Farletuzumab is an antibody (a type of immune system protein) that inhibits folate receptor α (FOLR1), a protein that is essential for cell proliferation. FOLR1 is overexpressed in a number of tumor types, including non-small cell lung cancer (NSCLC) and, especially, adenocarcinoma. Farletuzumab reduced tumor growth in animal models of cancer, and was well-tolerated in phase I and II studies. An ongoing phase II study is evaluating the effectiveness of combining farletuzumab treatment with chemotherapy in patients with advanced lung adenocarcinoma.
Conatumumab is an antibody (a type of immune system protein) that targets TR-2, a protein that is expressed in tumor tissue in a variety of cancer types. A phase II study of patients with previously untreated advanced non-small cell lung cancer (NSCLC) receiving either conatumumab or placebo in combination with standard paclitaxel (Taxol)–carboplatin (Paraplatin) chemotherapy showed that conatumumab was well tolerated, but did not improve clinical outcomes. However, it is possible that, in patients selected for relevant biomarkers, conatumumab may show effectiveness that is not seen in an unselected patient population.
A review of recent research discusses EGFR inhibition in the treatment of non-small cell lung cancer (NSCLC). Blocking EGFR using drugs called EGFR-tyrosine kinase inhibitors (TKIs) is an effective treatment for advanced NSCLC in patients with mutations in the EGFR gene. However, chemotherapy remains the standard of care for advanced NSCLC without EGFR mutations. Unfortunately, patients commonly develop drug resistance to TKIs like erlotinib (Tarceva) or gefitinib (Iressa). Newer TKIs like afatinib, which target multiple proteins and irreversibly inhibit them, are being explored in clinical trials and may be effective in patients who have become resistant to first-generation TKIs.

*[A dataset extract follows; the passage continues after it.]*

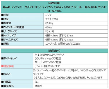 Product name: Tiffany Diamond Solitaire Ring 0.20ct Pt950 Solitaire Single Stone 6 Prongs Brand: TIFFANY&Co.

In a recent phase I/IIA study, patients with extensive-stage small-cell lung cancer (SCLC) that had not previously been treated were given a drug called pomalidomide. The pomalidomide treatment was combined with standard chemotherapy consisting of cisplatin (Platinol) and etoposide (Etopophos/Toposar). Pomalidomide appeared to be safe, with a maximum tolerated dose of 4 mg per day. However, it did not appear to increase the efficacy or decrease the toxicity of the chemotherapy.

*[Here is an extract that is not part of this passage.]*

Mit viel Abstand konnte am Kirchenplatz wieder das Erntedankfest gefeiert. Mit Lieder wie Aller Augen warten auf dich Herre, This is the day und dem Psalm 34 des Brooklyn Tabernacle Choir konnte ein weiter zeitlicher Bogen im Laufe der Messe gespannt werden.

VeriStrat® is a blood test for advanced non-small cell lung cancer (NSCLC) patients intended to determine whether the patients would benefit from erlotinib (Tarceva) treatment. A retrospective analysis of blood samples from elderly patients (age 70+ yr) with advanced NSCLC who had been treated with either Tarceva, gemcitabine (Gemzar), or both found that patients with a “good” VeriStrat result had better outcomes than those with a “poor” result when given Tarceva either alone or in combination with Gemzar, while the benefits of Gemzar alone were unaffected by VeriStrat status. The study authors conclude that elderly patients with poor VeriStrat results should be treated with Gemzar, while first-line Tarceva treatment may be appropriate for patients with good Veristrat results.